From: Eric W. Biederman
Date: Tue May 02 2017 - 17:20:00 EST

Kirill Tkhai <ktkhai@xxxxxxxxxxxxx> writes:

> On 02.05.2017 19:33, Oleg Nesterov wrote:
>> sorry for delay, vacation...
>> On 04/28, Kirill Tkhai wrote:
>>> On 27.04.2017 19:22, Oleg Nesterov wrote:
>>>> Ah, OK, I didn't notice the ns->child_reaper check in pidns_for_children_get().
>>>> But note that it doesn't need tasklist_lock too.
>>> Hm, are there possible strange situations with memory ordering, when we see
>>> ns->child_reaper of already died ns, which was placed in the same memory?
>>> Do we have to use some memory barriers here?
>> Could you spell please? I don't understand your concerns...
>> I don't see how, say,
>> static struct ns_common *pidns_for_children_get(struct task_struct *task)
>> {
>> struct ns_common *ns = NULL;
>> struct pid_namespace *pid_ns;
>> task_lock(task);
>> if (task->nsproxy) {
>> pid_ns = task->nsproxy->pid_ns_for_children;
>> if (pid_ns->child_reaper) {
Oleg my apologies I missed this line earlier.
This does look like a valid way to skip read_lock(&tasklist_lock);
>> ns = &pid_ns->ns;
>> get_pid_ns(ns);
^^^^^^^^^^^^^ This needs to be:

>> }
>> }
>> task_unlock(task);
>> return ns;
>> }
>> can be wrong. It also looks more clean to me.
>> ->child_reaper is not stable without tasklist, it can be dead/etc, but
>> we do not care?
> I mean the following. We had a pid_ns1 with a child_reaper set. Then
> it became dead, and a new pid_ns2 were allocated in the same memory.

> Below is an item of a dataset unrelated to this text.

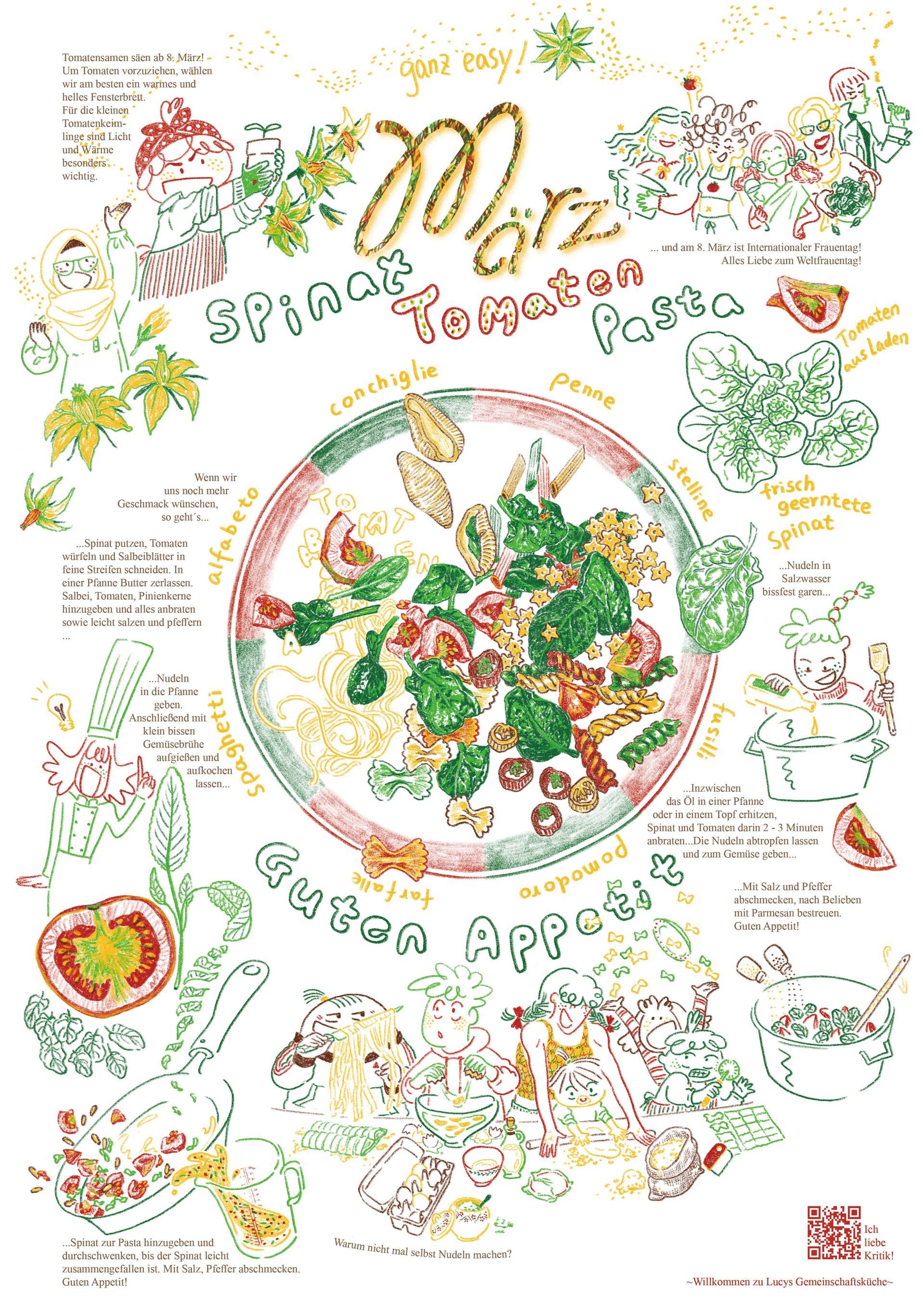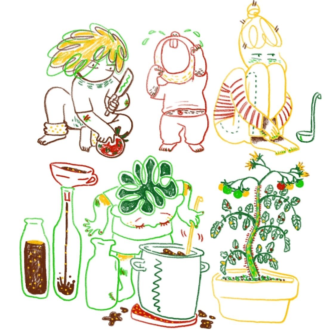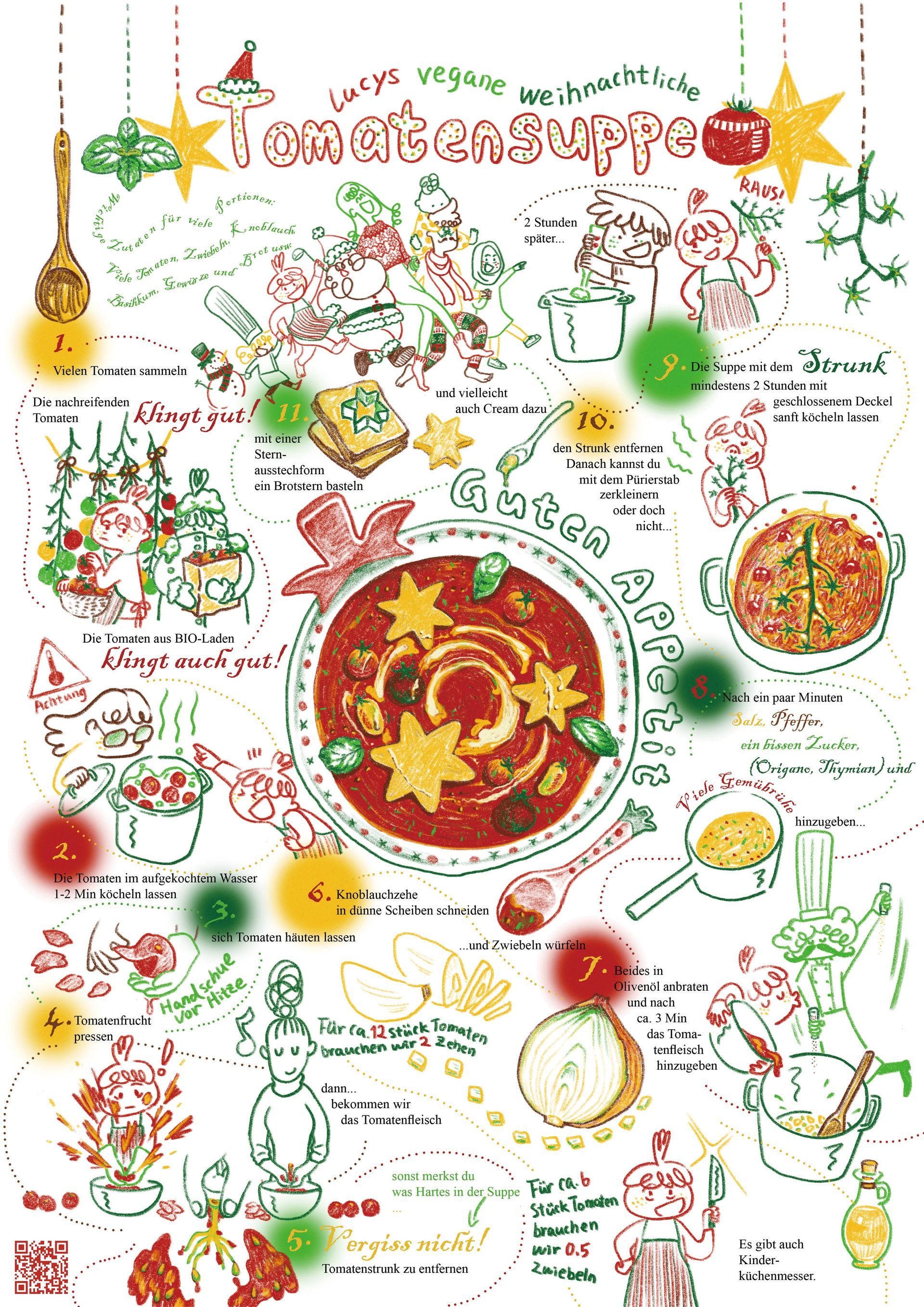 Außer vier von mir selbst genähten Tomaten-Sitzkissen findet man hier auch zwei Wandbilder, die als eine comic-mäßige Tomatenanbauanleitung werken. Wenn man die Bilder genau betrachtet, merkt man, dass der Tomatenanbau außer wichtigem physiologischen Prozess, wie Keimung, Wachstum, Blütenbildung und Fruchtreife nicht vollständig illustriert wird. Eigentlich muss es auch nicht komplett gestaltet werden, man kann ja auch eher nicht komplett schaffen. Mit den Leerstellen werden Kinder eventuell ermutigt, auf ihre Art und Weise die Tomaten anzubauen.

task->nsproxy->pid_ns_for_children is always changed with
task_lock(task) held. See switch_task_namespaces (used by unshare and
setns). This also gives us the guarantee that the pid_ns reference
won't be freed/reused in any for until task_lock(task) is dropped.

> A task on another cpu opens the pid_for_children file, and because
> of there is no memory ordering, it sees pid_ns1->child_reaper,
> when it opens pid_ns2.
> I forgot, what guarantees this situation is impossible? What guarantees,
> the renewed content of pid_ns2 on another cpu is seen not later, than
> we can't open it?